___ RECORDS

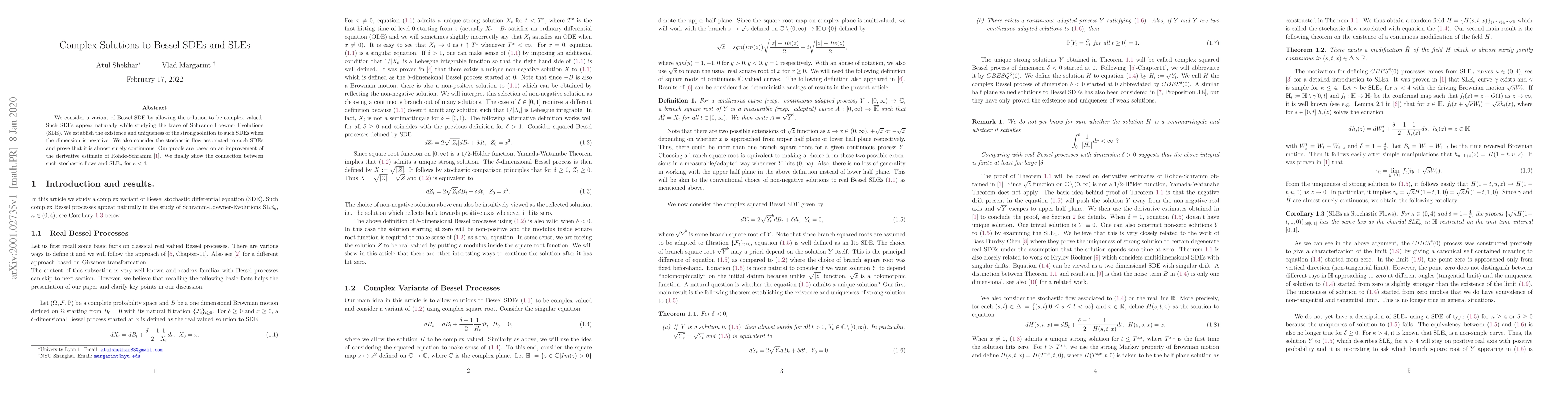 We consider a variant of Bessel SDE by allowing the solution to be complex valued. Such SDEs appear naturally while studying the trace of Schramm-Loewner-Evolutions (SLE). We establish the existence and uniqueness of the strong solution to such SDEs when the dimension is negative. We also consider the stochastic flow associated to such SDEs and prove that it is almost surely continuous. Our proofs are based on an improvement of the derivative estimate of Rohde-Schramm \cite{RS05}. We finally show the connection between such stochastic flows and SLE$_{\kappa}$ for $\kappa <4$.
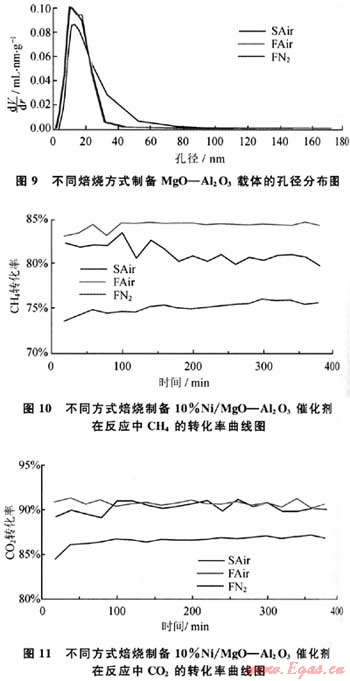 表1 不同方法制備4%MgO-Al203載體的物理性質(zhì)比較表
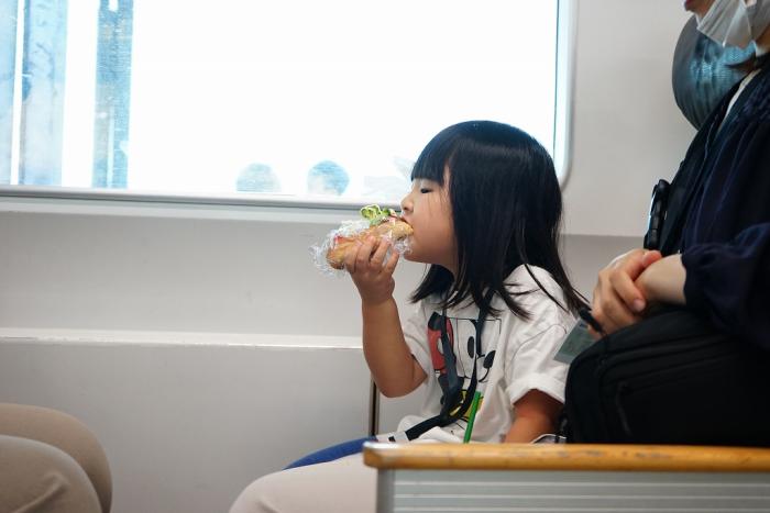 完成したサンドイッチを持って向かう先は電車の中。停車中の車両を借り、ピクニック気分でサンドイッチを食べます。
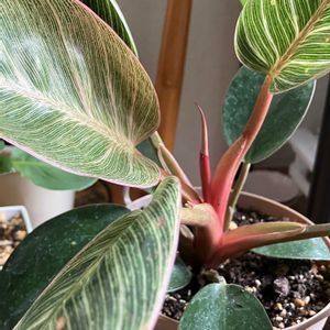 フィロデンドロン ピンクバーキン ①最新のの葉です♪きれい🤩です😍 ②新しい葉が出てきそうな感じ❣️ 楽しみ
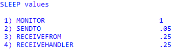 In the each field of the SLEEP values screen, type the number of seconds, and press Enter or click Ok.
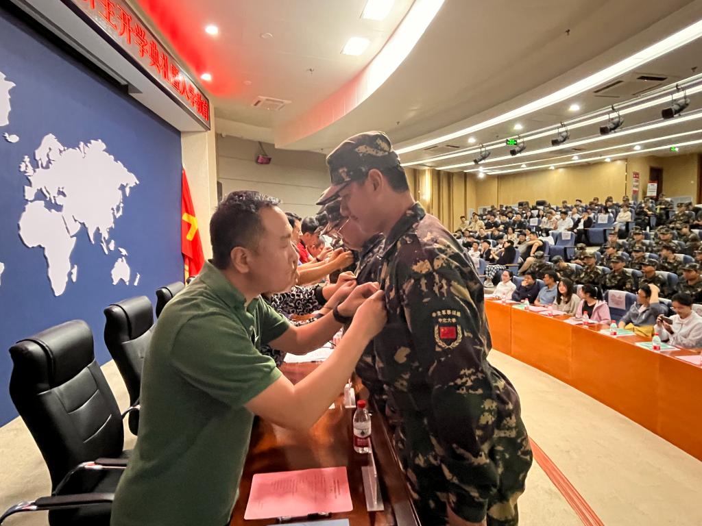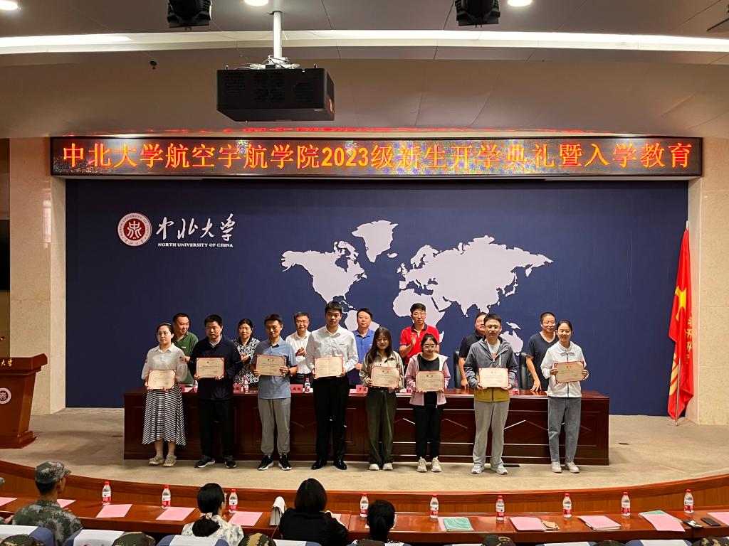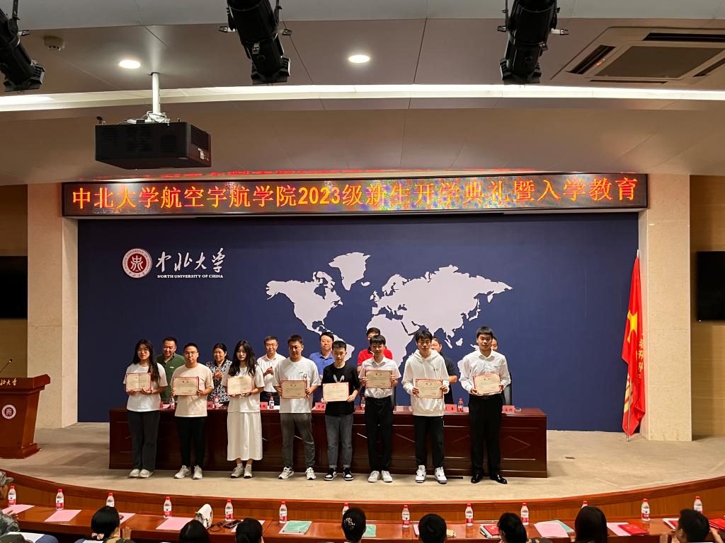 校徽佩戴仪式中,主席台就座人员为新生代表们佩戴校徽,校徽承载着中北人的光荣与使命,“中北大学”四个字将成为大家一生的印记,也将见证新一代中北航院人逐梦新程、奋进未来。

______

◆ PROBLEM REQUIREMENTS
Repeat every entry above exactly as written and omit any pictures it holds.

◆ ANSWER SPACE
 We consider a variant of Bessel SDE by allowing the solution to be complex valued. Such SDEs appear naturally while studying the trace of Schramm-Loewner-Evolutions (SLE). We establish the existence and uniqueness of the strong solution to such SDEs when the dimension is negative. We also consider the stochastic flow associated to such SDEs and prove that it is almost surely continuous. Our proofs are based on an improvement of the derivative estimate of Rohde-Schramm \cite{RS05}. We finally show the connection between such stochastic flows and SLE$_{\kappa}$ for $\kappa <4$.
 表1 不同方法制備4%MgO-Al203載體的物理性質(zhì)比較表
 完成したサンドイッチを持って向かう先は電車の中。停車中の車両を借り、ピクニック気分でサンドイッチを食べます。
 フィロデンドロン ピンクバーキン ①最新のの葉です♪きれい🤩です😍 ②新しい葉が出てきそうな感じ❣️ 楽しみ
 In the each field of the SLEEP values screen, type the number of seconds, and press Enter or click Ok.
 校徽佩戴仪式中,主席台就座人员为新生代表们佩戴校徽,校徽承载着中北人的光荣与使命,“中北大学”四个字将成为大家一生的印记,也将见证新一代中北航院人逐梦新程、奋进未来。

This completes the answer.